Simple (MD) Active Learning¶

Starting with AMS2024, the Amsterdam Modeling Suite contains a Simple (MD) Active Learning workflow for on-the-fly training of machine learning potentials during molecular dynamics (MD).

/scm-uploads/doc/Tutorials/_images/toc1.png

In this tutorial, you will

apply transfer learning techniques to “fine-tune” the M3GNet Universal Potential (M3GNet-UP-2022) to make it more accurate for a given system
generate all training and validation data on-the-fly during an MD simulation

To run the Simple Active Learning workflow, you need a license for Advanced Workflows and Tools, Classical force fields and machine learning potentials, and the reference engine.

Initial setup¶

1. Start AMSinput

2. Select the MD Active Learning panel: ADFPanel

→ MD Active Learning

/scm-uploads/doc/Tutorials/_images/main_menu.png

An active learning run has 5 required types of input:

Initial structure
Reference engine settings
Molecular dynamics settings
Machine learning model (e.g., M3GNet) settings
Active learning settings

Here we go through them in sequence:

Initial structure¶

To get the initial structure, you can either draw a molecule, find it in the search bar, import the coordinates from a .xyz file or import from SMILES.

Select File → Import Coordinates… → From SMILES, type OCC=O and click OK

Feel free to use a different molecule if you prefer.

/scm-uploads/doc/Tutorials/_images/molecule.png

Important

1. Make sure that the initial structure is “reasonable”. It doesn’t have to be geometry-optimized (in fact it is good if not all forces are exactly 0), but if the forces are very high then the temperature will rise very quickly in the MD simulation.

2. Make sure that your reference engine can reliably calculate energies and forces for your system. For example, make sure that the SCF converges in DFT calculations. This is easiest to check by running a few normal DFT calculations before using the active learning.

Reference engine settings¶

In the Engine drop-down, select Force Field

At the bottom of the window, select the Force Field 1 tab

/scm-uploads/doc/Tutorials/_images/engine1.png

Verify that Type is set to UFF

/scm-uploads/doc/Tutorials/_images/engine2.png

At the bottom of the window, switch back to the A-ML tab

This will use UFF as the reference engine.

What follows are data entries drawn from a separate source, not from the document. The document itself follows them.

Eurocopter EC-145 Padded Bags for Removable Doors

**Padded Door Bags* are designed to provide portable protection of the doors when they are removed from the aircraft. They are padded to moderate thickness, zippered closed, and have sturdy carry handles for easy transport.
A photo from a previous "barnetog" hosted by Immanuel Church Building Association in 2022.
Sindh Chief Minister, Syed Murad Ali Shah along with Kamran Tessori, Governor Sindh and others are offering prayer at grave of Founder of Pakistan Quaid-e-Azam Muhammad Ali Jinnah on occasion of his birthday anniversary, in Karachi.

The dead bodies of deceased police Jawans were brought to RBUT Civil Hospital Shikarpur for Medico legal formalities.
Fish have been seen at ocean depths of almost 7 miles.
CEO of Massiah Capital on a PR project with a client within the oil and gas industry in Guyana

In this tutorial we will use the UFF force field as it is very fast to evaluate and is included with all AMS licenses.

If you have a license to run a different compute engine like ADF or DFTB, feel free to select that engine instead, and set any engine settings like basis set on the corresponding panel at the bottom of the window.

Note

UFF can give very strange results for heavily distorted molecules that may form during the active learning.

So use a different reference engine if you can!

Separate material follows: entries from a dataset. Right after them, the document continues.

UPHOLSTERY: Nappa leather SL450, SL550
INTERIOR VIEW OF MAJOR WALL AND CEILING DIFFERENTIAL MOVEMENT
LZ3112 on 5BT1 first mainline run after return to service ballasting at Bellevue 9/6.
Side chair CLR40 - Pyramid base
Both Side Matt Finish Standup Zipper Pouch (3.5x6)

Molecular dynamics settings¶

Click the  button next to Task: MolecularDynamics
Set Number of steps to 10000
Set Time step to 0.5 fs

/scm-uploads/doc/Tutorials/_images/mdmain.png

Click the  button next to Thermostat
On the Thermostat panel, click the 
Thermostat: NHC
Temperature: 300 K
Damping constant: 200 fs

/scm-uploads/doc/Tutorials/_images/mdthermostat.png

Tip

You may consider setting the damping constant to a much smaller value, for example 10 fs.

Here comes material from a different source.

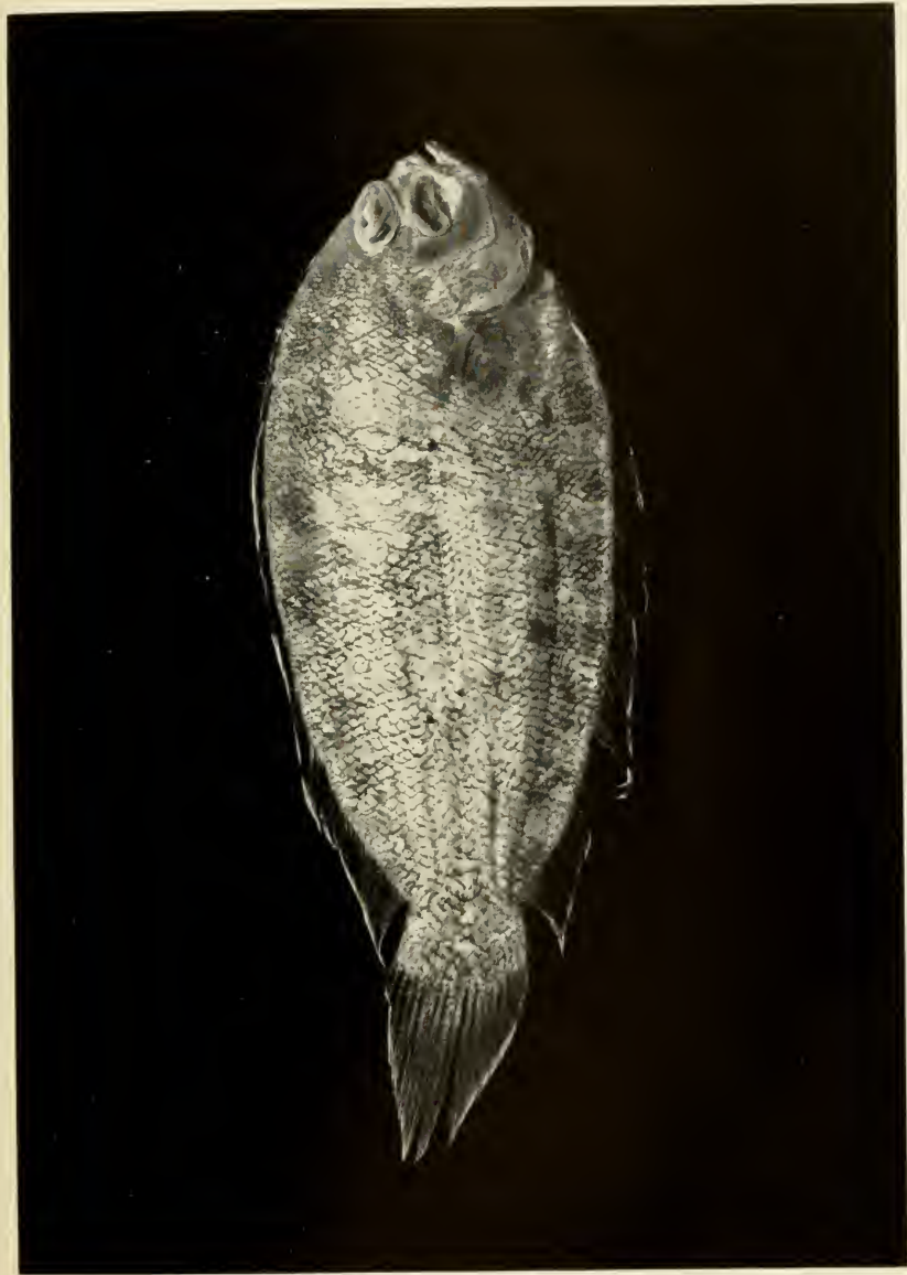
POECILOPSETTA ALBOMARGINATA Holotype, U.S.N.M. 93303. Natural size.
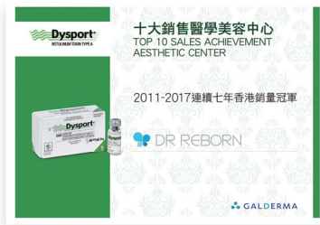
Dysport — Highest Sales Achievement for Consecutive 7 Years from 2011 to 2017 within Hong Kong Dysport — 2011–2017 連續 7 年全港銷量冠軍

This will cool down the system more quickly in case the temperature starts to rise uncontrollably, which may happen

if the initial structure is very far from a minimum, or
when the MD simulation explores configuration space that the ML model has not seen before

Click on Main at the top of the window to go back to the main panel

Machine learning model settings¶

On the main panel, verify that Machine learning backend is set to M3GNet (default)
Set Max epochs to 200
Set Committee size to 1 (default)

/scm-uploads/doc/Tutorials/_images/mlmain.png

Click the  button next to Machine learning
This brings you to the Machine Learning panel
Verify that Model is set to Universal Potential

/scm-uploads/doc/Tutorials/_images/mldetails.png

This will start the parametrization from the M3GNet-UP-2022 parameters. You can also train a custom M3GNet model completely from scratch by setting Model → Custom.

However, in this tutorial we will fine-tune the Universal Potential, so make sure that Model is set to Universal Potential.

You can also select which layers to retrain. Feel free to experiment with different combinations.

If you increase the Committee size you will train multiple models. This is typically not so useful when starting from the universal potential, since the models will become very similar. It also significantly increases the computational cost and memory requirements. For this reason, we only train a single model (committee size = 1) in this tutorial.

Tip

The Load model option lets you load a previously trained model.

For example,

you may have trained an initial M3GNet model using your own training data (not generated with active learning) in ParAMS, or
you wish to continue with a new active learning run for a different system, temperature, or other simulation settings.

Then you can specify the ParAMS results directory in the Load model option. This directory should contain the subdirectories optimization and settings_and_initial_data. It is typically called something like step5_attempt4_training/results if you generated it using active learning.

Active learning settings¶

Initial reference data¶

Switch back to the main panel

Click the

next to Reference data

/scm-uploads/doc/Tutorials/_images/ird.png

On the Reference data panel you can

choose to load reference data from a directory containing ParAMS .yaml files
Specify how to generate the initial reference data

If you do not specify anything on this panel, it is the same as ticking the Reference MD box.

Tip

If (and only if) the M3GNet universal potential produces reasonable results/structures for your kind of system, we recommend to tick the M3GNet-UP short MD option.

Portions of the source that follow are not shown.